Today, 100 percent of Datura’s products are made in New York out of natural, luxury fabrics. And even the design is sustainable. “I veer away from trends and try to create timeless and versatile clothes that can be worn in many different ways and for different occasions,” said Borras. “This reduces the need for a huge wardrobe!”
Women in New York are quickly catching on to what the brand stands for. Each month on the Datura Instagram account, they feature an influential community member—a recent one being the artist Camilla Engstrom. But Borras hopes to branch out to a more global audience in the near future, which seems possible given her appreciation for the earth as a whole.
What’s the story behind the name Datura?
Datura is a flower also called the ‘moon flower’ or ‘devil’s trumpet.’ It comes out at night and has a very intense, sweet, and bewitching smell. In the past, it was used as a tea and witches thought they could fly after drinking it. It’s a very hallucinogenic drug and has been used by many different cultures over the years. I liked the idea of something being so beautiful and attractive but dangerous at the same time—like nature, beauty, and life. It commands respect.
How does the Datura style and aesthetic reflect your background?
I was brought up in the Mediterranean in Mallorca and the nature there is beautiful, raw, and pure. The water is crystal clear, the sand is white and soft, and the the rocks and mountainous landscape are so beautifully dramatic. That environment is how I remember my childhood—very pure, simple, safe and free. When I moved to live in the city, I missed that feeling and wanted to bring those elements into it in some way.
How would you describe the Datura style?
The color palette of my pieces, the movement of the fabrics, the feel, softness, flow and fit are very natural and give the women that wear them a sense of freedom that I think is very sexy.
How is your brand’s manifesto is rooted in environmentalism?

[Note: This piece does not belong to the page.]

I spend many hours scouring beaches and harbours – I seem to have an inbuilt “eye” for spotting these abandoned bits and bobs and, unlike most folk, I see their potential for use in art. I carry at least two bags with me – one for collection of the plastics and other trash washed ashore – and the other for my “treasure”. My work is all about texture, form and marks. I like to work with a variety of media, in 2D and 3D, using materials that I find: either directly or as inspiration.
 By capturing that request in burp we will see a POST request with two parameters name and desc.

Using natural fabrics is very important to me. I’ve never liked synthetic materials and I think that natural materials just feel more luxurious anyway. Making small batches means I never overstock. And because I manufacture everything here in New York the carbon footprint is significantly reduced. When it comes to the pieces themselves, I veer away from trends and try to create timeless and versatile clothes that can be worn in many different ways and for different occasions. This reduces the need for a huge wardrobe!

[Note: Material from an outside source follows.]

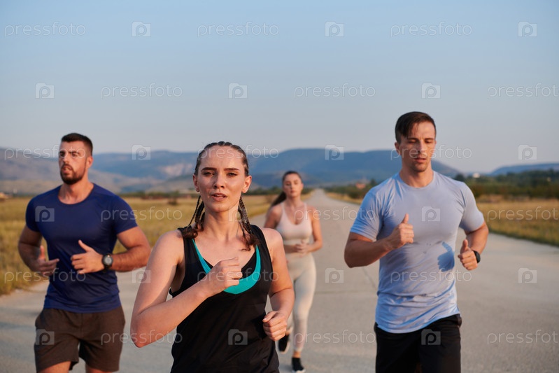 Группа друзей ведет здоровый образ жизни, бегая на свежем воздухе в солнечный день, занимаясь фитнесом и наслаждаясь бодрящим эффектом физических упражнений и природы
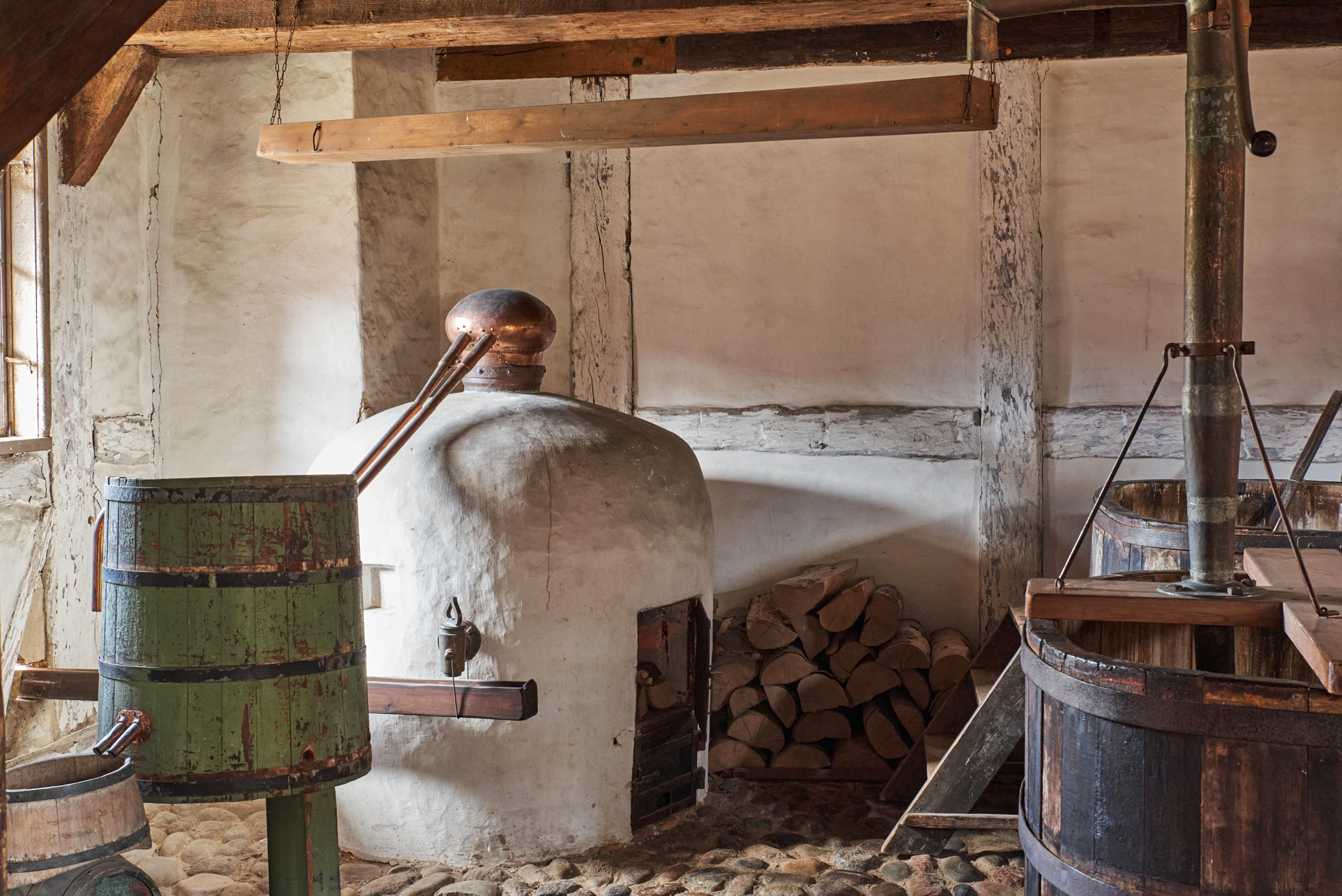 Bindingsværkshuset åbnede i Den Gamle By i 1934 med brændevinsbrænderi, bageri og bagerbutik.

You feature different women on your Instagram account. What connects them to each other? How would you describe the Datura community?
Their empowerment, their inspiration to others, their work, and their personality connects them. Datura women are beautiful for all of the above and have their own individual style and personality.
Personal fashion icons:
Frida Kahlo, Georgia O’Keeffe, and Coco Chanel.
Fashion pet peeve:
Almost everything that comes up when you Google “Coachella.”

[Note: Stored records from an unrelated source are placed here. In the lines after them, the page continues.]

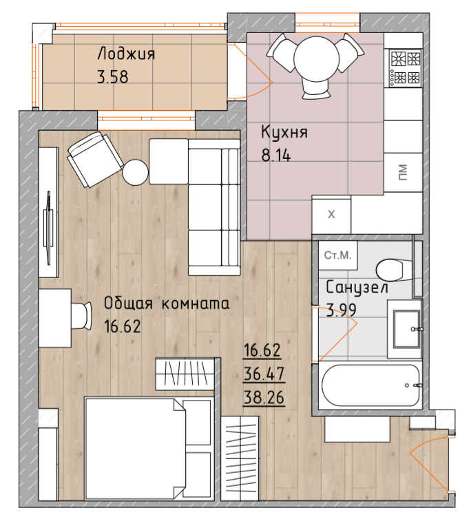 Жилая площадь 37.6 м2
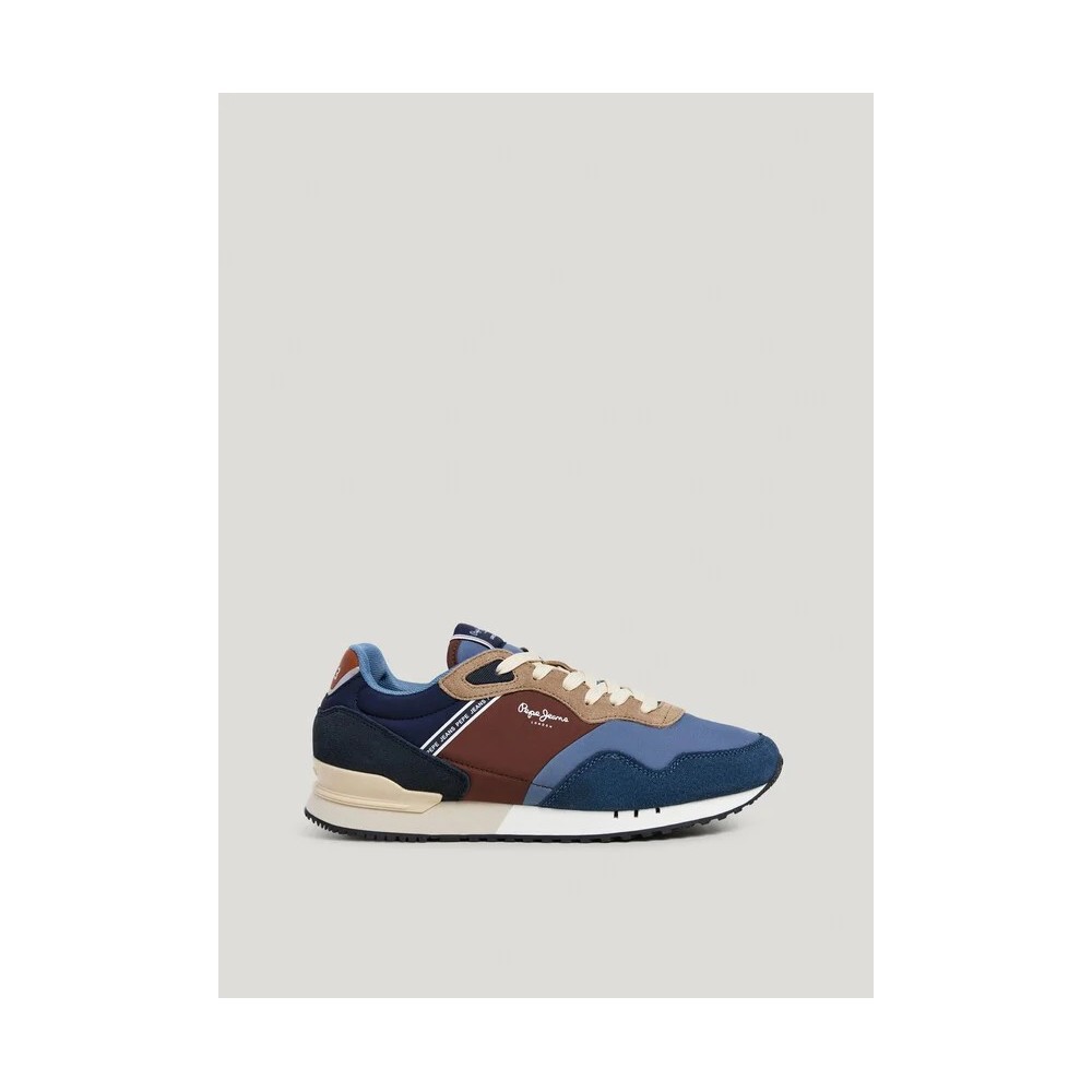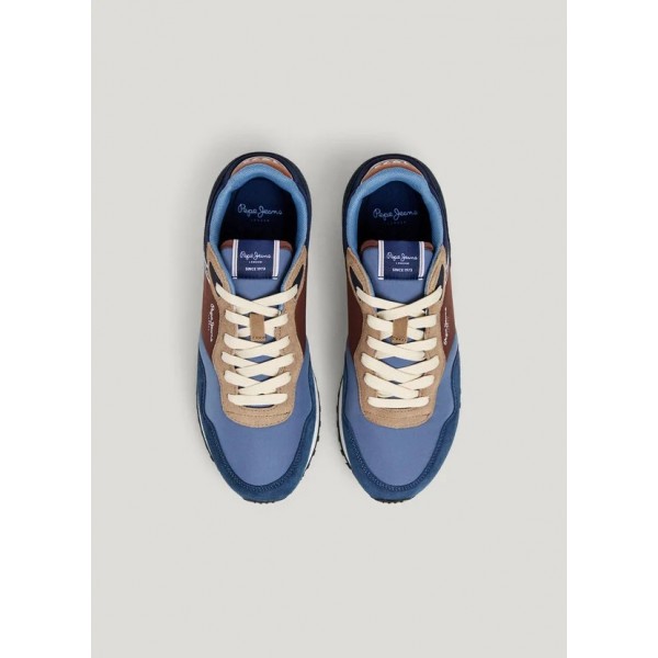 Deportivo casual, de la marca Pepe jeans. Fabricado en combinación de materiales con detalles de ante en puntera, cordonera y parte inferior del talón. Logo PEPEJEANS termosellado en lateral. Cierre mediante cordones. Plantilla termoformada y extraíble. Estabilizador en el talón con logo en relieve. Entresuela ultraligera de EVA bicolor. Suela de goma personalizada.
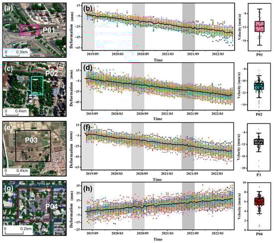 The precipitation of Zhengzhou City from May 2019 to June 2022 is shown in Figure 3e, where the gray background is the rainy season of that year, and, similarly, in Figure 4b,d,f,h, the gray background is the rainy season of the corresponding year. By observing the surface deformation of each sampling area, even around 20 July 2021, it is difficult to detect anomaly surface deformation fluctuations based on existing indicators.
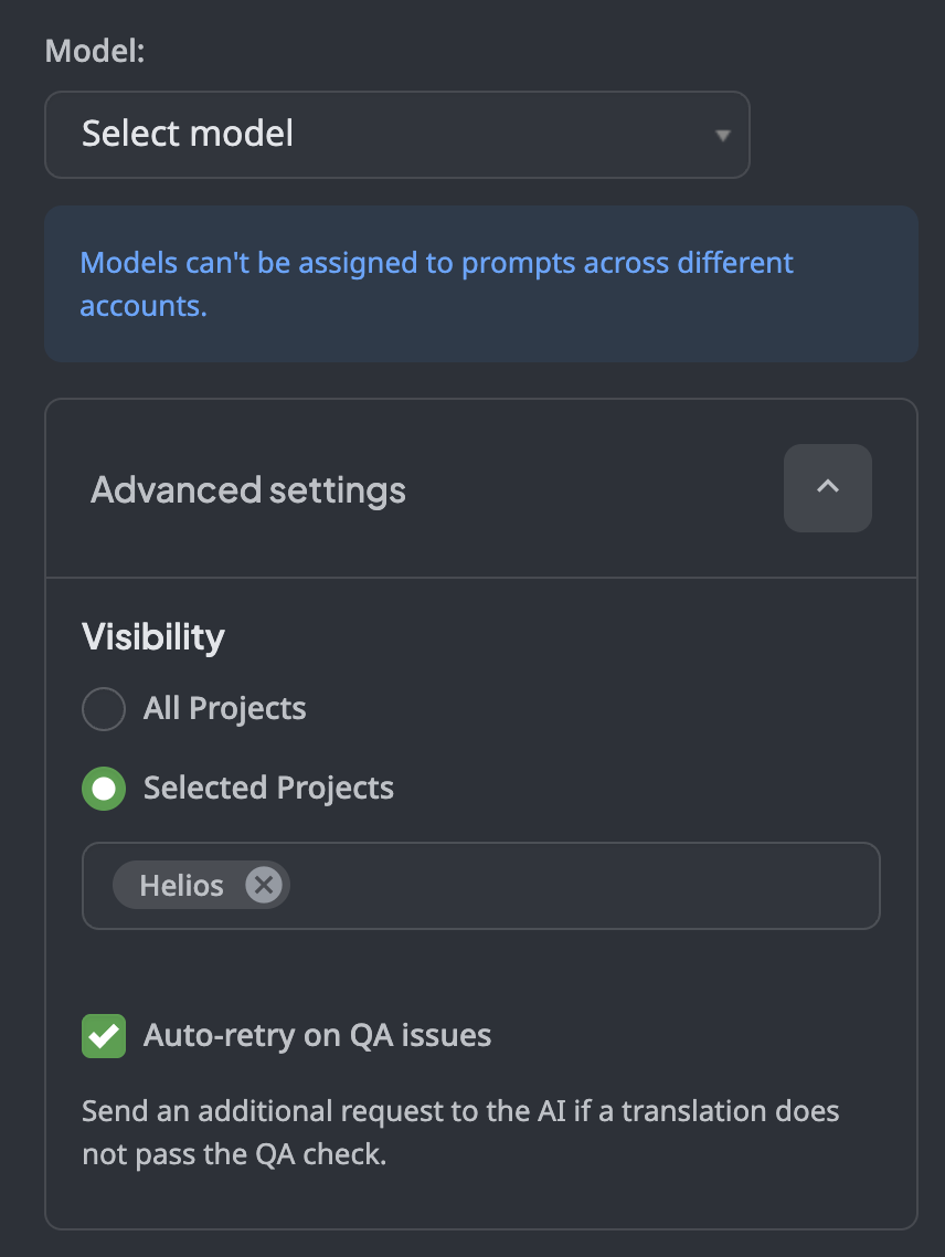After you have connected the selected provider (either via your API Key or via Crowdin (if supported)), you can create a pre-translation prompt and manage it throughout your projects.

Something you would never wear:
Anything that’s trying too hard! I just can’t deal with accessories that have no purpose. They usually make you look, walk, and feel uncomfortable.
Best recent discovery:
Panteha Abareshi
Most prized possession in your closet:
Mostly vintage dresses. I have a few white long embroidered ones that I love wearing in the summer. Also a hand-made Italian leather clutch that is sculpted into pleated flowers. It’s hard to describe, but it’s very special and from the 80s.
Where you hope to see your brand in the next few years:
I want to open up offline locations in different cities and destinations and carry on with the Member Styles in different and interesting corners of the world.